DAVID HILL (B.A., MPhil., GDipJ) is a journalist and human rights activist. He writes regularly on Substack and is a co-producer of the recently-released film Bolivia Burning made by The Gecko Project, for whom he has been working as a consultant over the last year.

As a journalist, Hill has written many times for The Guardian, where he wrote the Andes to the Amazon column for some years, as well as contributing to other publications such as The Observer, The Ecologist, The Huffington Post, Mongabay, ChinaDialogue and the New Internationalist.

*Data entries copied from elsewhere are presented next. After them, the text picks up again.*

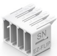
Plastic Quad Gang-Clip SN EZ-Flip Connector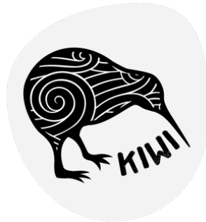
Year 1 5-6 years old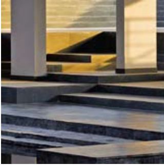
Cover graphics: collaboration between Nicole Boehringer (Images Publishing) and Natasha Suri (Morphogenesis).

maximum precipitation levels (three metres rainfall annually) and affordability (tier 2 price point). The self-contained township sets an example by being self-sustainable, ecologically and economically viable, and culturally and socially in harmony with its context – all factors still quite exceptional by Indian standards.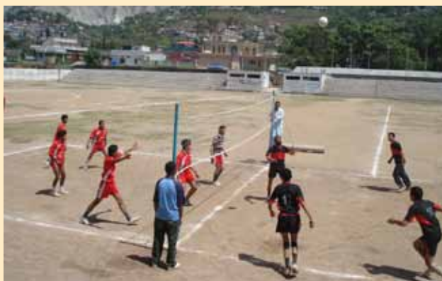
A view of the Volleyball match at AJK Varsity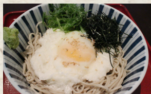
Tsukimi Tororo*...$19.00 月見とろろ

Cold noodles topped with, nori, negi, egg, sesame seeds, grated yam & cold tsuyu dipping sauce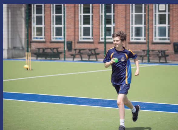
Highlighting Sport, Fitness and Well-being.

Newly refurbished outdoor play provision, including our environmentally friendly, solar-powered outdoor classroom.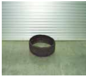
Figure 5. Photo. Tire tread.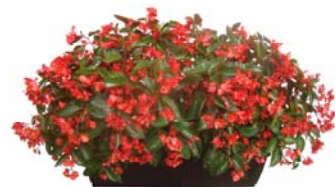
Annual colour hedge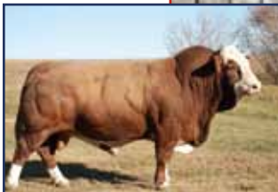
WLSF Abesly-paternal grandsire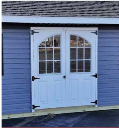
9-LITE ARCH FIBERGLASS DOORS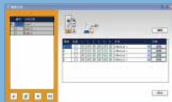
Sequence Editor clear and easy to understand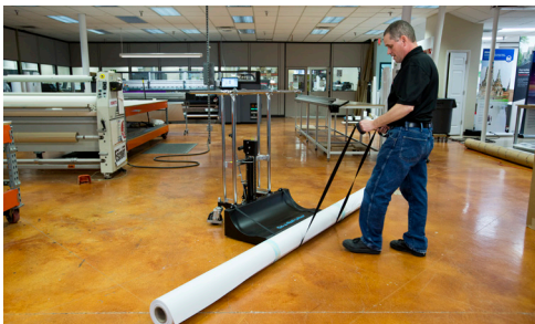
Safety straps pull rolls onto the tray with minimal effort.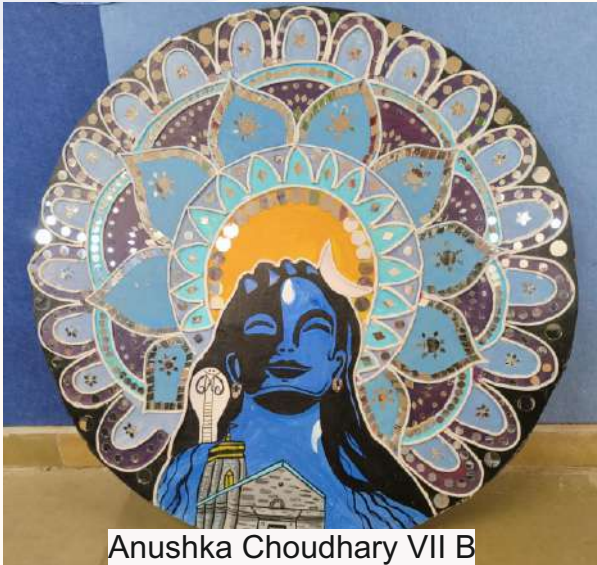
Anushka Choudhary VII B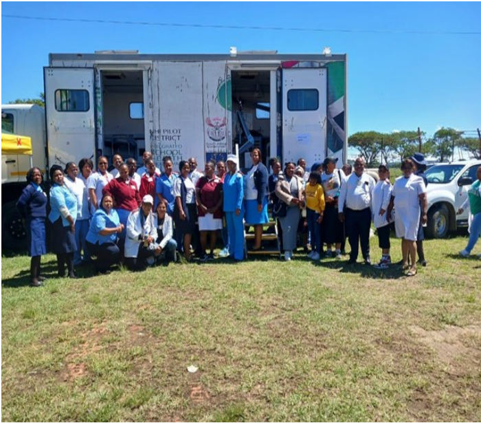
I team yase wasbank Clinic.

Isibhedlela Kubantu senziwe ku Lwezi (November) 2024 Wasbank ngaphansi kwesigodi I kameelkop . Kwakukhona abahlengikazi , odokotela , I physio , I rehab kanye ne pharmacy.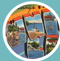
White Lake Water Park Party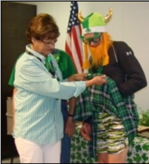
Move along. Nothing to see here, folks.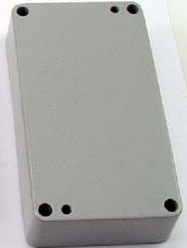
DUT apart (bottom)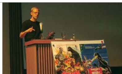
Honoring Godzilla's 50th birthday

The Japan Cultural Institute in Cologne focused on the needs of a new generation as it sought to foster positive views of Japan among young people. In the area of Japanese-language teaching, the Institute systematized its program administration. This reflects the passage of a year following the first offering of courses on a half-term basis. The Institute also co-sponsored more events with cultural organizations in Cologne and international exchange associations in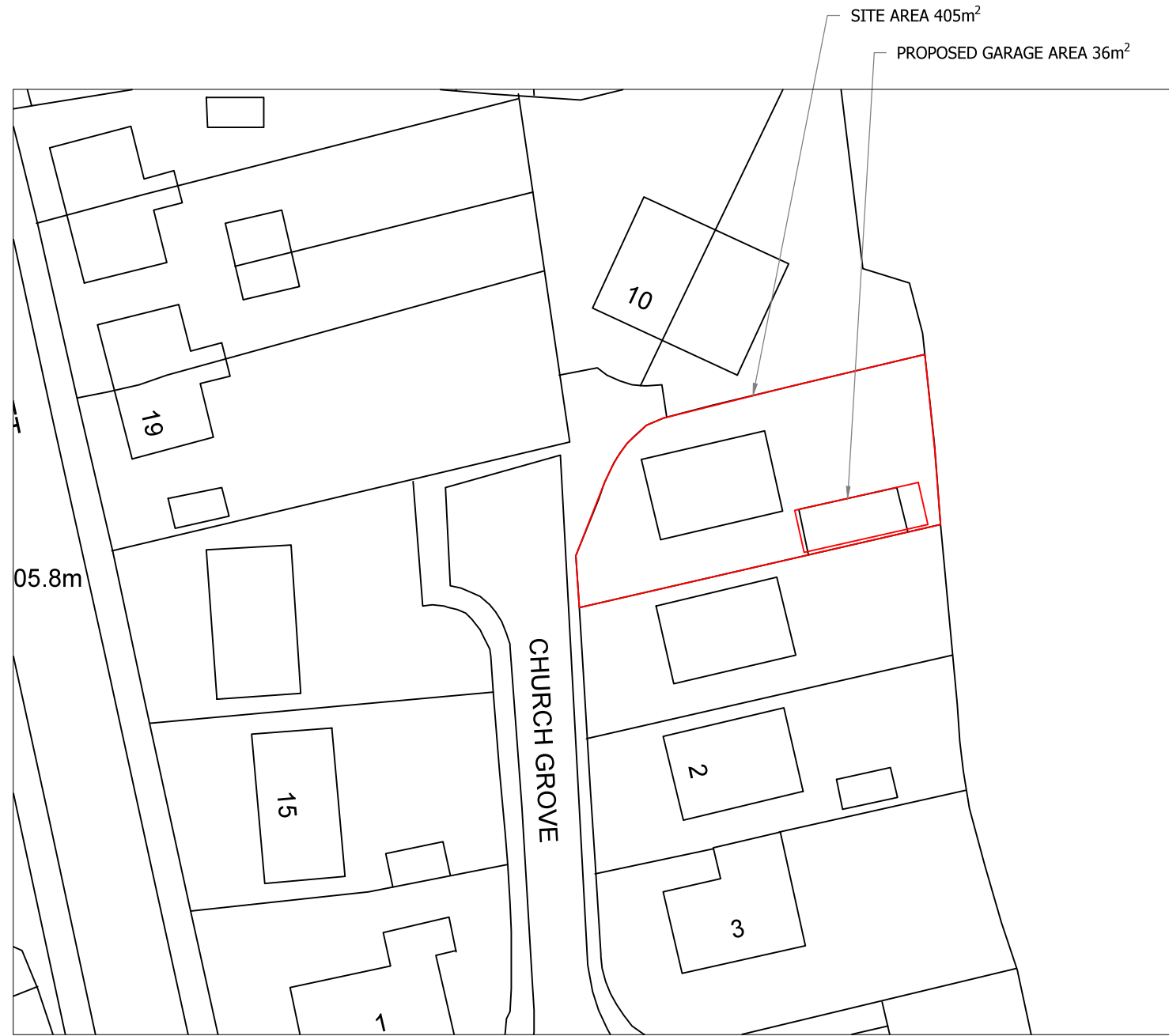
SITE PLAN SCALE 1:500 AT A3

His focuses include indigenous peoples’s rights, indigenous peoples living in ‘isolation’, the Amazon, the oil and gas industries, forests and conservation. He writes in English and Spanish and his articles have been translated into Bahasa Indonesia, Catalan, Chinese, Dutch, French, Italian, Norwegian and Portuguese.

In addition to his journalism, he has worked in different capacities for the international non-governmental organisations Global Witness, Forest Peoples Programme, Survival International, International Work Group for Indigenous Affairs and Rainforest Foundation Norway.

His work has meant travelling to some of the remotest parts of the world in Brazil, Peru and West Papua. Exposés include Ecuador promising Chinese companies they could explore the famous ‘ITT’ oil fields in the Yasuni National Park, and plans by an international gas consortium leader to operate in the 'most biodiverse place on earth'.

He has lived in and travelled widely across Peru in particular, visiting Amahuaca, Arabela, Asháninka, Ashéninka, Awajún, Cashinahua/Huni Kuin, 'Chitonahua'/'Murunahua', Kichwa, 'Mastanahua', Matsigenka, Matsés, Yaminahua and Yine territories.

He has appeared on and in a wide range of media, including CNN, Sky News, Al-Jazeera, ITV, Channel 5, BBC World Service and BBC Radio 2, and been quoted or cited in National Geographic, Foreign Policy, New York Times, Reuters, Associated Press, Bloomberg, The Guardian and the Miami Herald, among many others.